I wasn't quite happy with that as the text indicates that
n_distinct_inherited is the statistics. But, it's not, it's just the
option that allows some modification of the gathered statistics.

I came up with:

Ordinarily <literal>n_distinct</literal> is used.
<literal>n_distinct_inherited</literal> exists to allow the distinct
estimate to be overwritten for the statistics gathered for inheritance
parent tables and for partitioned tables.

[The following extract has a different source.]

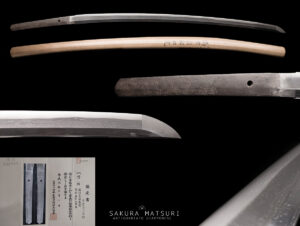 Katana del periodo Muromachi, Koto, montata in shirasaya con sayagaki. Sugata shinogi zukuri, torii zori, iori mune. La hada è itame mista a mokume, nagare, o hada. Lo hamon è suguha in nioi deki, con chikei e nie kuzure. Il ...
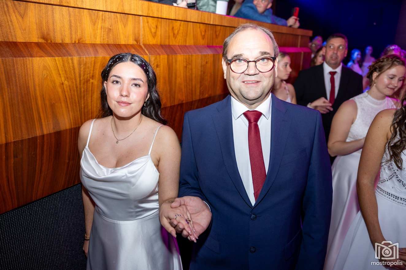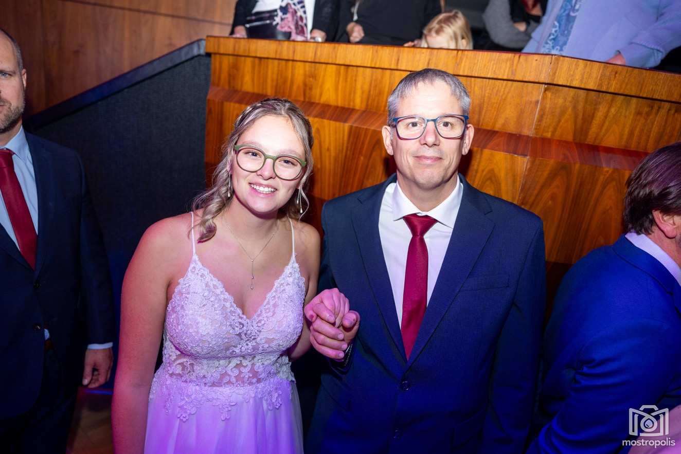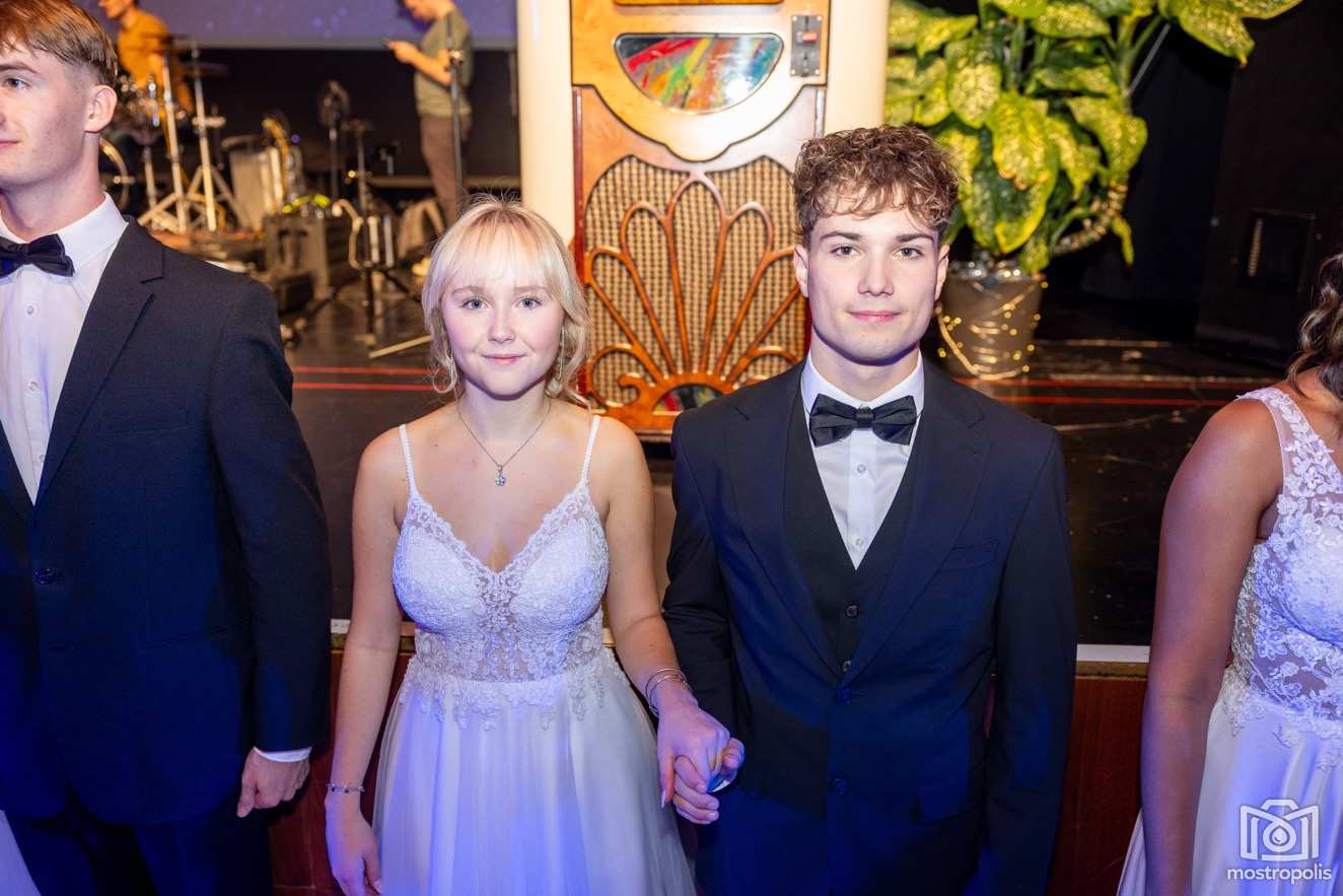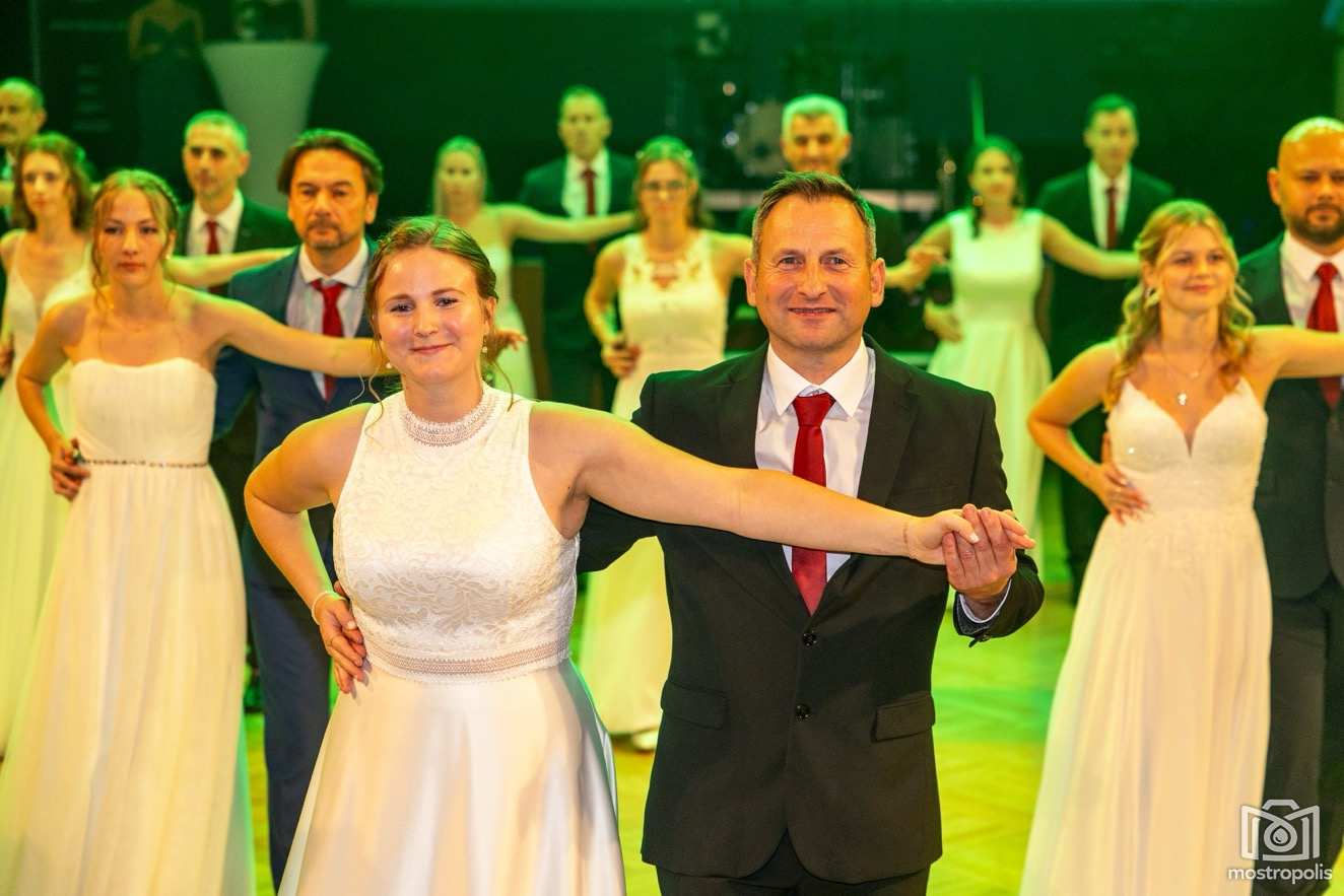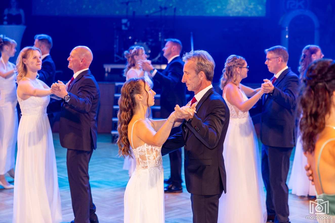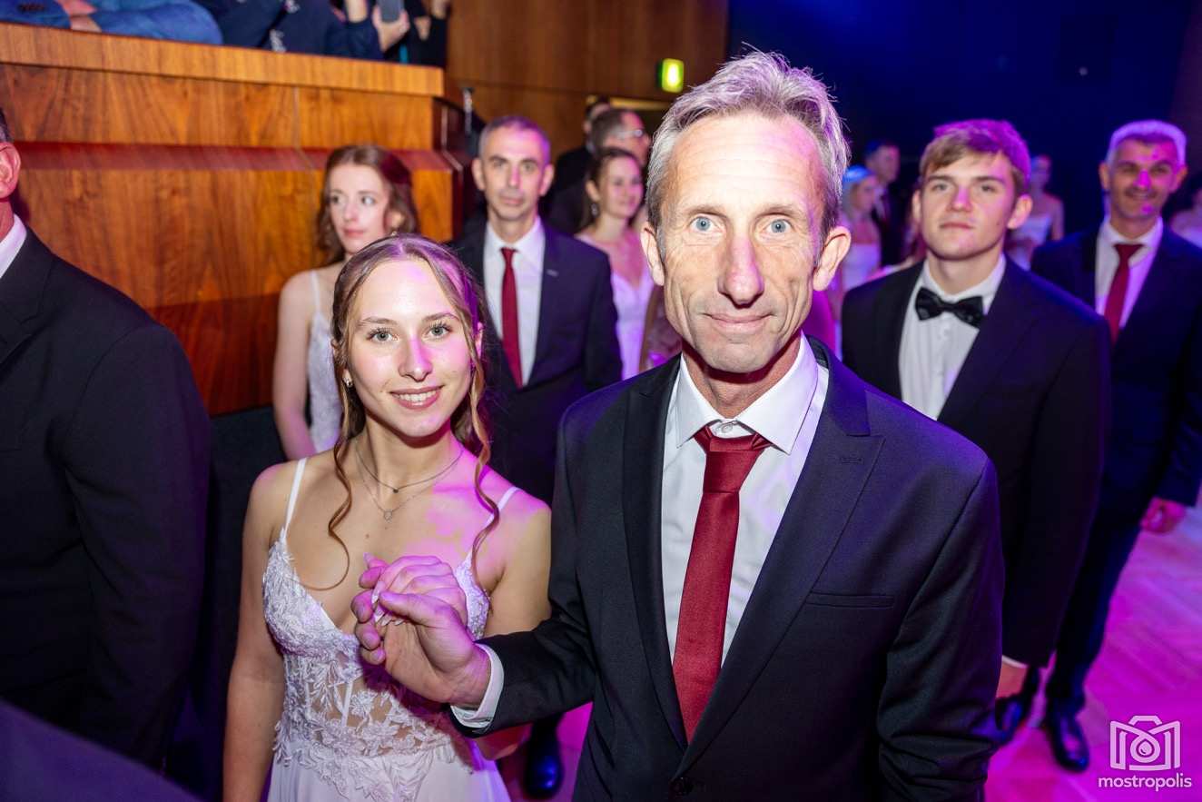 Karl Schlager hat eine bezaubernde Polonaise mit 42 Pärchen mit Vätern, einem Paar mit einer Mama sowie 19 Paaren mit Freunden einstudiert, die beeindruckte und viele berührte. Geboten wurde eine Bottle-, Disco-, Wein- und Cocktailbar sowie eine Absolventenbar mit Prosecco und Kaffee. Nicht fehlen durfte auch eine Fotobox und das Glücksrad im ersten Stock. Für schwungvolle Tanzbeine sorgte das Tanzorchester im Ballsaal und die Schulband in der Sporthalle, welche zu späterer Stunde DJ Alex Morgan mit fetten Beats so richtig zum Beben brachte.

I also fixed what I thought was some misleading text about ANALYZE
using this value to calculate things. That's not true. It's the query
planner that uses this value. ANALYZE just stores whatever this is set
to into pg_statistic. I also adjusted the text that was talking about
"the size of the table", which, as I mentioned earlier isn't correct.
It's all related to the estimated number rows in the table, per
"ntuples = vardata->rel->tuples;" in get_variable_numdistinct().

Also fixed a typo; "twice on the average" shouldn't contain "the".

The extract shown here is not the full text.